Task instructions ▸
Output the entries word for word. Omit images.

Task input START

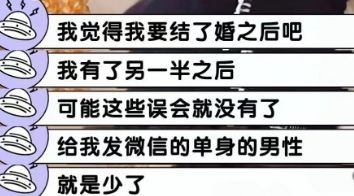 对于她的这种考量,还有网友说挺好。我只想说“怕别的男人的对象误会就找个人嫁了”?本末倒置了吧?
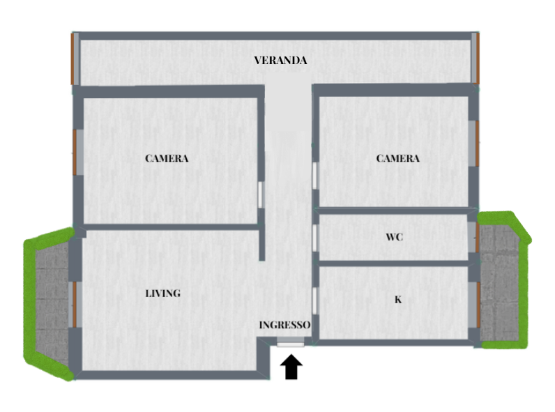 L’immobile, da personalizzare, ha una superficie di 100 mq ed è composto da: ingresso su soggiorno con accesso al primo balcone, cucina abitabile con uscita diretta sul secondo balcone, ampia camera da letto matrimoniale, seconda camera e bagno finestrato con vasca. Proseguendo lungo il corridoio si accede a un’ampia veranda di circa 15 mq, utilizzabile come stanza hobby, studio, zona relax o locale multiuso.
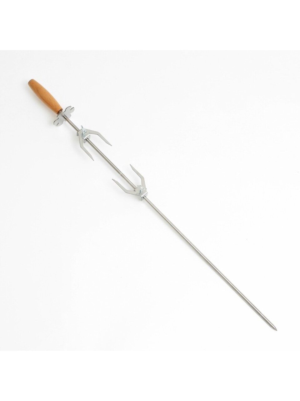 - Надежная конструкция: вертел состоит из двух притяжных вилок, которые фиксируются специальными фиксаторами и шайбами, обеспечивая безопасность и долговечность использования.
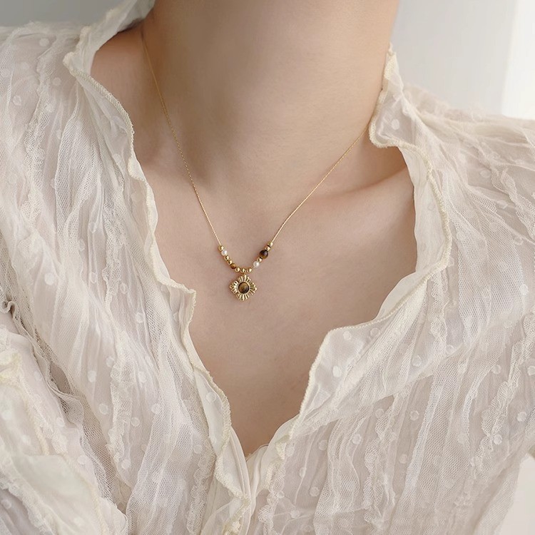 진한 베이지 마일라드 골동품 꽃 호랑이 눈 구슬 쇄골 체인 여성 틈새 디자인 고급 레트로 목걸이스토어 가기
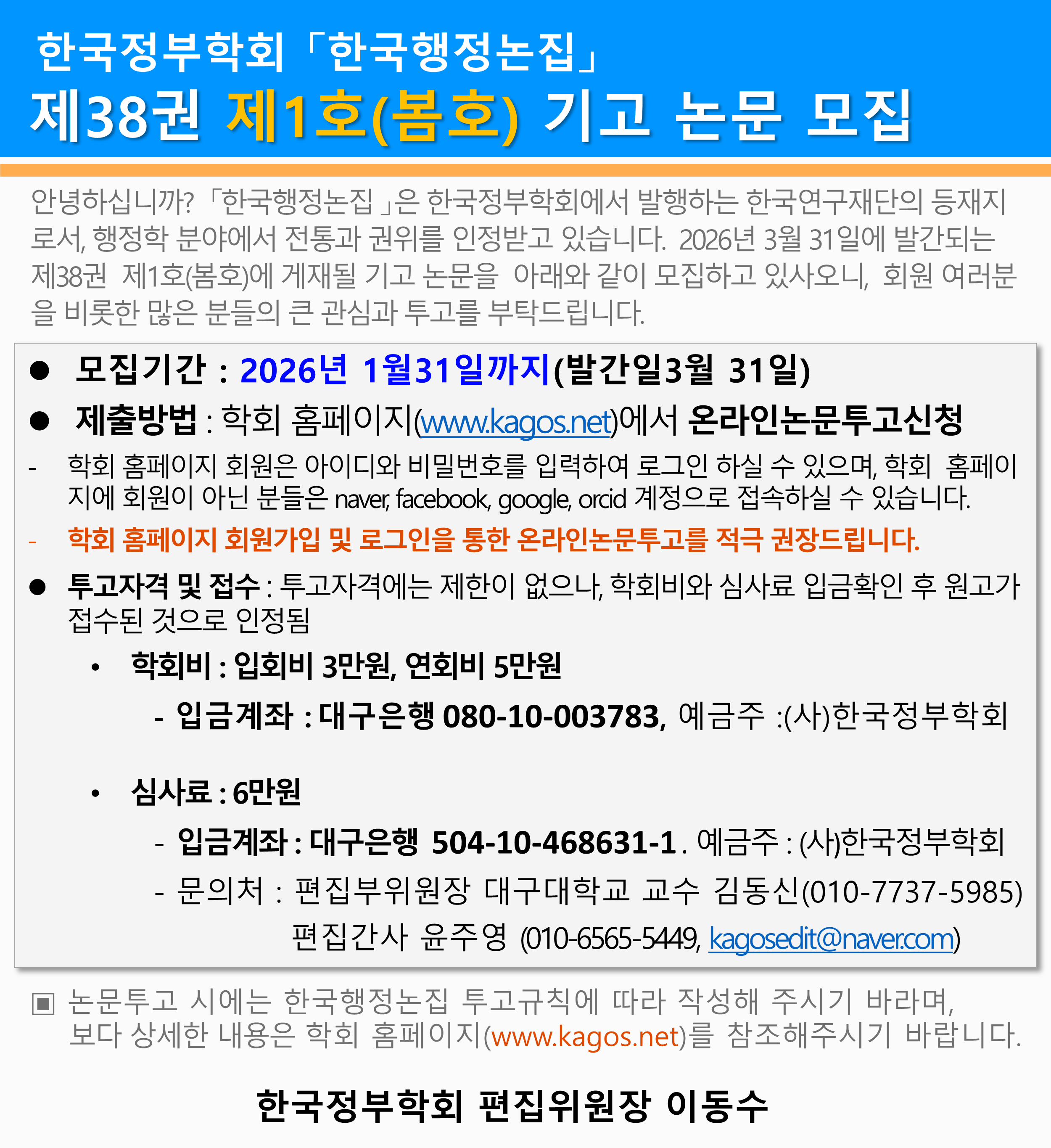한국행정논집 38권 1호 봄호 기고안내

Task input END

Final answer ▸
 对于她的这种考量,还有网友说挺好。我只想说“怕别的男人的对象误会就找个人嫁了”?本末倒置了吧?
 L’immobile, da personalizzare, ha una superficie di 100 mq ed è composto da: ingresso su soggiorno con accesso al primo balcone, cucina abitabile con uscita diretta sul secondo balcone, ampia camera da letto matrimoniale, seconda camera e bagno finestrato con vasca. Proseguendo lungo il corridoio si accede a un’ampia veranda di circa 15 mq, utilizzabile come stanza hobby, studio, zona relax o locale multiuso.
 - Надежная конструкция: вертел состоит из двух притяжных вилок, которые фиксируются специальными фиксаторами и шайбами, обеспечивая безопасность и долговечность использования.
 진한 베이지 마일라드 골동품 꽃 호랑이 눈 구슬 쇄골 체인 여성 틈새 디자인 고급 레트로 목걸이스토어 가기
한국행정논집 38권 1호 봄호 기고안내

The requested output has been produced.